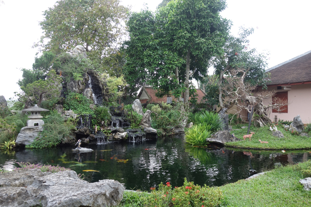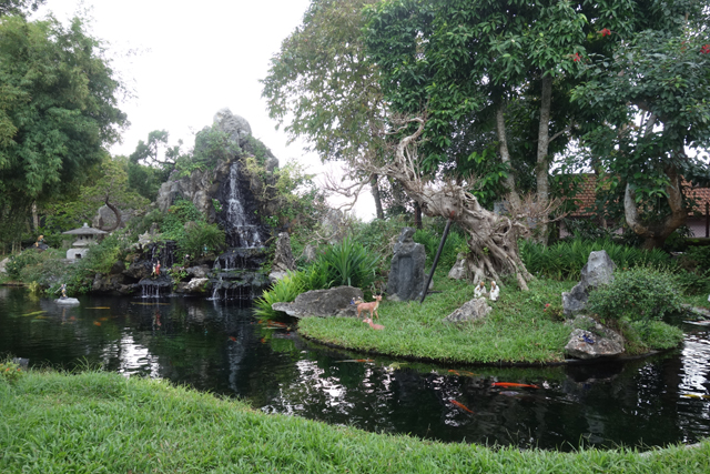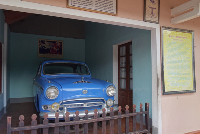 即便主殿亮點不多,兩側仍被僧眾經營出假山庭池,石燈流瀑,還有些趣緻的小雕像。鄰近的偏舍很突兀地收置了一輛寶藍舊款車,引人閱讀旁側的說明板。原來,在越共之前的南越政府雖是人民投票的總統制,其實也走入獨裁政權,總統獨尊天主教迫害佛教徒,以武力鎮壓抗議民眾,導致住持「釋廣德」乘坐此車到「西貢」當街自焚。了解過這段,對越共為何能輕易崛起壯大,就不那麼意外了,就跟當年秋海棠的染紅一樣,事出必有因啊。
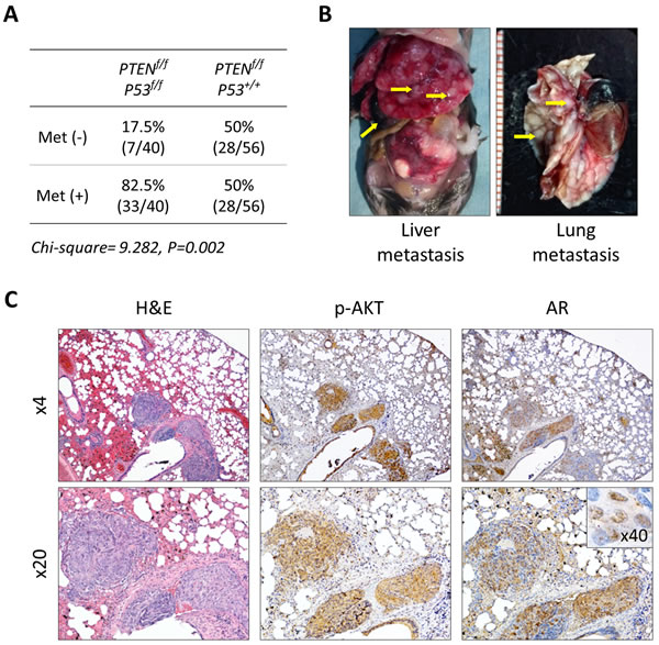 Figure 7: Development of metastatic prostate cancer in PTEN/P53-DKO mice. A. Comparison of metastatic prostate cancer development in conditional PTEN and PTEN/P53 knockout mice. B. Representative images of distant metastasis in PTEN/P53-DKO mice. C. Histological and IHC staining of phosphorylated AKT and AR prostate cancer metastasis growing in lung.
++++
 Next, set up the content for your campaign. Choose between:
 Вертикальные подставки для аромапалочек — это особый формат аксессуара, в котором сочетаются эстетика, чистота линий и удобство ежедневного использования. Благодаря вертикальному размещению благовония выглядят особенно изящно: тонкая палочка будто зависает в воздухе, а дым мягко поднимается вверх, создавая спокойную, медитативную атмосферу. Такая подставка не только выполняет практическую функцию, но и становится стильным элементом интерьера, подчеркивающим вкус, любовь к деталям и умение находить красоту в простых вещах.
++++
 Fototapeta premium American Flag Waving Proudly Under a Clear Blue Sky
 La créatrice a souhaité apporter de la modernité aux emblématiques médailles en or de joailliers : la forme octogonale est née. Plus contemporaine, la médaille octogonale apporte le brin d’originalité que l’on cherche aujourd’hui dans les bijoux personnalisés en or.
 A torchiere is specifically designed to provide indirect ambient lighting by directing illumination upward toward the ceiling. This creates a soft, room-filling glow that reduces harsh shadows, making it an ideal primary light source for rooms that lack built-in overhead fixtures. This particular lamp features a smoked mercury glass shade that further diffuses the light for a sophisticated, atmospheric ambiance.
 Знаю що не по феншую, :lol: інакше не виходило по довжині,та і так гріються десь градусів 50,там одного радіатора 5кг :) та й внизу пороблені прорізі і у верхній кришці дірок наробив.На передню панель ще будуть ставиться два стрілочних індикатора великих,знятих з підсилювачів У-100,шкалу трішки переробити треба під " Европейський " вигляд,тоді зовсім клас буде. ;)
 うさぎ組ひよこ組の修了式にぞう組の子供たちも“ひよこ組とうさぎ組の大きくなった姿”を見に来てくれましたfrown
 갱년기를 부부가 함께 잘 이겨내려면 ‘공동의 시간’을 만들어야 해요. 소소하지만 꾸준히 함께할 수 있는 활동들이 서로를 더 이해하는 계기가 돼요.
++++
__Task directions__. In the listing above, locate the line containing "La créatrice a" and the line containing "A torchiere is", then transcribe both and every line between them verbatim.

__Worked solution__.
 La créatrice a souhaité apporter de la modernité aux emblématiques médailles en or de joailliers : la forme octogonale est née. Plus contemporaine, la médaille octogonale apporte le brin d’originalité que l’on cherche aujourd’hui dans les bijoux personnalisés en or.
 A torchiere is specifically designed to provide indirect ambient lighting by directing illumination upward toward the ceiling. This creates a soft, room-filling glow that reduces harsh shadows, making it an ideal primary light source for rooms that lack built-in overhead fixtures. This particular lamp features a smoked mercury glass shade that further diffuses the light for a sophisticated, atmospheric ambiance.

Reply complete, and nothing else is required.